What the lower court decided

A divided three-judge panel found that the map adopted by the GOP-controlled Texas Legislature in August — after an entreaty from the Justice Department and at the urging of President Trump — likely diluted minority voting power in several districts. The 160-page majority opinion, authored by U.S. District Judge Jeffrey Brown, concluded the redistricting plan cannot be used for the upcoming midterm and restored the prior congressional lines.

"The way to stop discrimination on the basis of race is to stop discriminating on the basis of race," Brown quoted from Chief Justice John Roberts and argued the evidence pointed to racial considerations in the state's redrawing.

What the Supreme Court will weigh

Justices will confront two central legal questions: whether the lower court correctly found racial motivation or effect in the mapmaking, and whether federal courts should intervene in election rules so close to candidate filing and voting. The latter issue implicates the Purcell principle, which counsels judicial restraint on changing election procedures as elections approach.

Judge Brown addressed Purcell at length, arguing the Supreme Court has provided inconsistent guidance on how late is too late to alter voting rules. He acknowledged the reality that the high court has often granted stays in election-related disputes, but he also emphasized the potential constitutional harms he found in the 2025 map.

Broader legal landscape

The Texas dispute is one of several redistricting fights arising from mid-decade map changes. Challenges are also pending over GOP maps in Missouri and North Carolina and Democratic maps in California. Appeals in redistricting cases move directly to the Supreme Court, so the high court may soon face multiple, interconnected questions about race, the Voting Rights Act and the timing of judicial intervention.

The justices are already revisiting major voting-rights questions in consolidated cases involving Louisiana’s congressional maps. Over the summer the court expanded the legal issues in the Louisiana matters in ways that could narrow how states design districts under the Voting Rights Act—adding another layer of complexity to the court’s docket.

Political stakes and timing

The practical stakes are immediate: Texas candidates must file by Dec. 8, and some hopefuls have begun campaigning under the new map. Restoring the August plan could help Republicans protect several seats, but it would not guarantee GOP control; historically the president’s party often loses ground in the midterms, and Democrats have shown strength in recent off-year contests.
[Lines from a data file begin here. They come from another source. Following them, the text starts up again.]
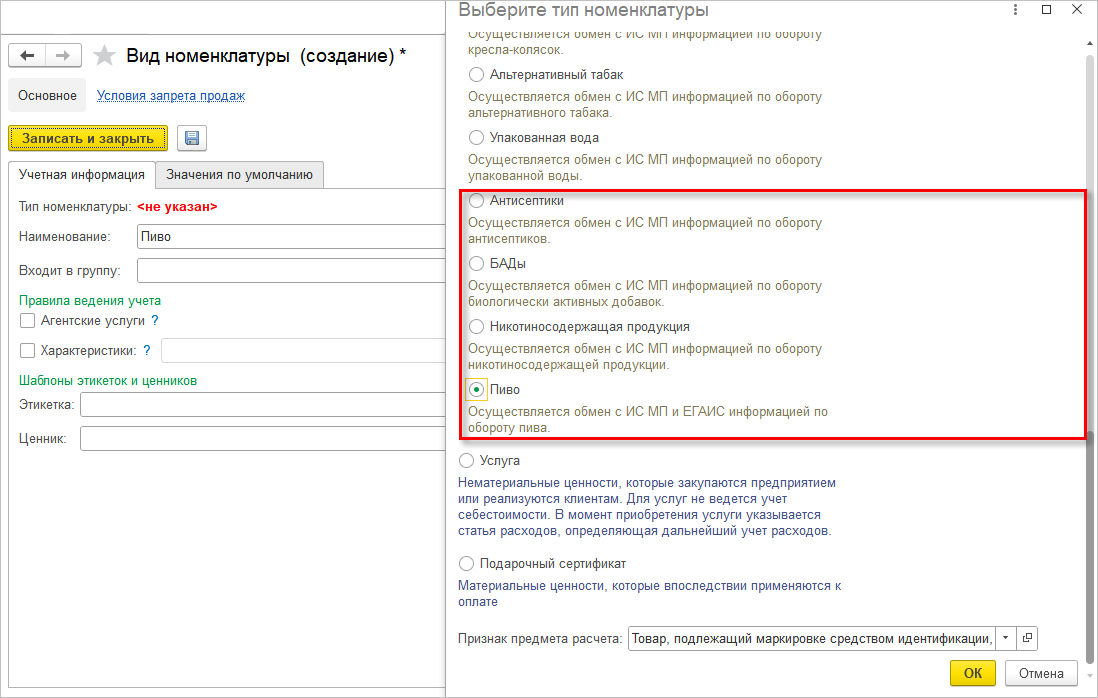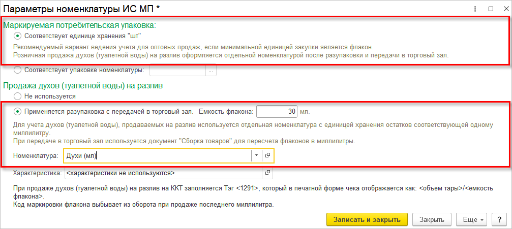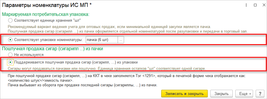 Для ведения учета в сигарах/мл. на форме Параметры номенклатуры ИС МП необходимо выбрать вариант Соответствует упаковке номенклатуры и указать соответствующую упаковку.
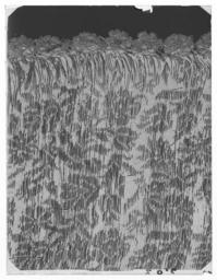| Keywords: Tröja av svart atlas och guldbrokad, 1650-tal - Livrustkammaren - 11054-negative.tif LSH artwork Friderich Feuerbrun pärlstickare David Pärlestickare pärlstickare sv Dräkten införskaffades från Frankrike 1647 säkerligen inför drottning Kristinas kröning Många skarvar visar att dräkten kommit till användning vid senare tillfällen då den måst ändras efter ägarens tilltagande kroppsvolm Detta är en dräkt som man mycket gärna skulle vilja sätta i samband med Karl X Gustavs kröning men det finns ännu inget dokumentariskt bevis för detta dräkten ingår ev i fransyska varorna Det är en synnerligen rikt utstyrd dräkt och den har såväl i sitt broderi som i sin foder brokad en ovanligt hög guldhalt I 1671 års inventarium sägs det att dräkten utgörs av kappa tröja byxor knäband skorosor och handskar Allt av svart atlas med Gull heelöfwer borderat Numera är tyvärr dräkten inte längre så fullständig både 1671 och 1676 års inventarier vittnar visserligen om kappans existens men därefter är den försvunnen man hade redan 1671 tagit bort spetsarna av guld och 20 år senare omtalas kappan ej längre Nuvarande inventarium omtalar blott tröja byxor och 1 handske Under ett annat inventarienummer 3435 har emellertid kunnat identifieras ett dräkttillbehör nämligen ett gehäng med samma broderi Den svarta atlasen har en vådbredd av ca 53 cm utan stad Staden är 1 3 cm bred 10 gröna 10 vita 10 gröna 10 vita 10 gröna samt 5 tjocka svarta trådar - tuskaft Trådarnas antal kan variera Det hela ytan täckande broderiet är utfört i läggsöm och har en mönsterrapport av h 10 cm b 6 8 cm Det är utfört med olika sorters guldkantiljer samt paljettsträngar Längs en del kantsömmar har man sytt på ett smalt guldsnöre bestående av en tvinnad tråd omspunnen med lan Broderiet är nersytt med vitt och gult silke samt tjockare rosa lintråd Analysresultat Tråd och lan av legerat guld huvudbeståndsdelar Silver xxGuld xxxKoppar xxxZink 0Mönstret är ett stiliserat blomstermönster där ett ringformigt omtag snarast utvecklats till en krona som utdragna klockliknande blomkalkar vända sig till eller ifrån I plaggen kan man observera att broderiet uppvisar olika kvaliteter och här kan även spåras skarvar i tyget underlaget De tillskurna bitarna uppvisa en klumpigare torrare karaktär i broderiets utförande samt smärre avvikelser från det gängse utförandet Så t ex har i tröjan den lilla 5-bladiga blomman ovanför kronan sitt översta mellersta blad sytt med horisontella kantiljer istället för vertikala som det borde varit Mönstret är också gyttrigare och oredigare Kronans tinnar är omramade av i öglor lagda konturtrådar och ej som i det ursprungliga broderiet där konturen går upp och ned Mönsterrapport ca h 77 mm b 58 mm Tröjan av innocenttyp är sydd med 2 framstycken som utökats såväl upptill på axelpartiet som utefter ärmringningen och längs sidosömmen med tillsatta bitar I ryggen har skarvstyckena infogats längs en mittsöm ursprungligen kunde ryggstycket ha varit helt Nu ligger emellertid på ömse sidor mittsömmen en smal blott 1 5 cm bred skarv Likaså har man även baktill gjort tröjan något längre genom skarvar utefter axel- och halsringningarna Ärmarna har bara utvidgats obetydligt genom en skarvad remsa utefter underärmstyckets bakre övre del samt på bägge styckena nertill utefter ytterkantens söm ärmsprundets sida ca 27 cm Kragen har klippts upp på samma sätt som ryggstycket så att intill mittsömmen 2 små skarvstycken ligga på ömse sidor synbarligen även placerade upp- och nedvända Tröjan har 10 skört och i midjesömmen sitta på insidan 8 st byxtampar vardera med 2 hål Fodret utgöres av guldbrokad med svart botten Det har en vådbredd av minst 47 cm ev ca52 x 14 á 15 tr/cm2 Det är en ripsvävnad med varp av svart otvinnat silke Inslagen är 14 st med gult silke högertvinnad med guldlan samt 14 st med gult silke högertvinnad med guldlan samt 14 st svarta med guldlan på rätan Stad ca 1 3 cm 8 gröna 9 vita 12 gröna 8 vita 11 gröna 6 svarta trådar - de färgade i atlasbindning de svarta i lärftsbindning Mönsterrapport h 7 7 cm b 5 8 Mönstret består av halvnaturalistiska små blomsterkvistar Analysresultat Metalltråd tvinnad med textiltråd huvudbeståndsdelar Silver xxxGuld xxKoppar xxZink 0Då fodret är mycket trasigt och slitet har man fodrat in kragen och den övre delen av tröjan med svart taft Skörten som ju också är fodrade med brokaden har fått bitar av denna på varierande led Man har givetvis velat utnyttja det dyrbara materialet till fullo I framkanten på vänster sida har tröjan en knapphålsrad med 23 knapphål 2 cm långa På motstående sida finns 22 knappar i behåll de är 1 2 cm i diameter Knapphålsraden är på undersidan fodrad med guldbrokad av samma typ som finns i byxornas fickor Nertill i framstyckena finns planschetter som når t o m det 13 e knapphålet eller är ca 22 cm långa Dessa är klädda med något grövre linnelärft än den oblekta linnelärft som utgör mellanfoder i tröjan 23x18 tr/cm2 Det finns 3 knappar med tränsar i ståndkragen Knapparna är överklädda med olika guldtrådar lan och kantiljer I midjan på tröjan har man mellan fodren lagt en avklippt stadremsa vävd randig i gult och orange med svart som ev är en avklippt stad från någon annan dräkts tyg ev den oskurna svarta sammetsdräkten nr 3421 Detta för att ge mera styrsel åt plagget Att man klippt till plaggets olika delar och beräknat sömmarnas placering innan man broderat dem visar bl a ärmarnas nedre parti som på den broderade sidan ju skulle vikas till uppslag De har alltså ej behövt broderas ända ned utan man har lämnat den svarta atlasen bar på ett knappt 10 cm brett stycke Blott mitt fram på högra sidan under knappraden finns en knypplad ca 1 7 cm bred guldspets med guldlan kvar original caption Kristinas kröning Karl X Gustavs kröning
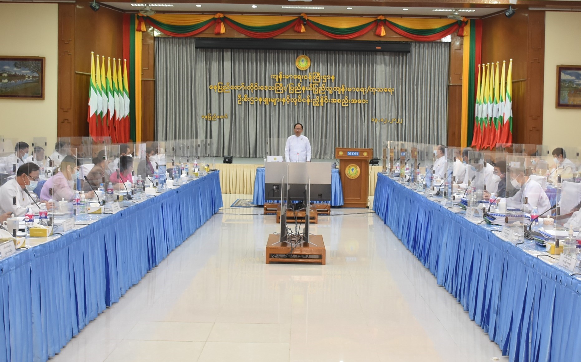 ကျန်းမာရေးဝန်ကြီးဌာန၊ ပြည်ထောင်စုနယ်မြေနေပြည်တော်၊ တိုင်းဒေသကြီး/ပြည်နယ် ပြည်သူ့ ကျန်းမာရေးနှင့် ကုသရေးဆိုင်ရာ ညှိနှိုင်းအစည်းအဝေးကို ယနေ့တွင် ကျန်းမာရေးဝန်ကြီးဌာန ပြည်ထောင်စုဝန်ကြီး ပါမောက္ခဒေါက်တာသက်ခိုင်ဝင်း ဦးဆောင်၍ ကျင်းပသည်။

Legal experts say the court may have little choice but to act. "I think it was inevitable when Trump started the redistricting," said Rick Hasen, a law professor at UCLA. Brad Smith, a law professor and former FEC chair, warned that even a minimalist approach by the court — allowing the lower-court decision to proceed through the system — risks public criticism and prolonged uncertainty.

What to watch next

The Supreme Court’s schedule for deciding the Texas emergency appeal is uncertain, as are the outcomes of the related cases now looming on its docket. Any ruling could influence the composition of the House and reshape how courts approach last-minute changes to election rules and Voting Rights Act compliance.

Key dates: Texas congressional candidate filing deadline — Dec. 8. Expect expedited briefs and possible emergency action from the high court in the weeks that follow.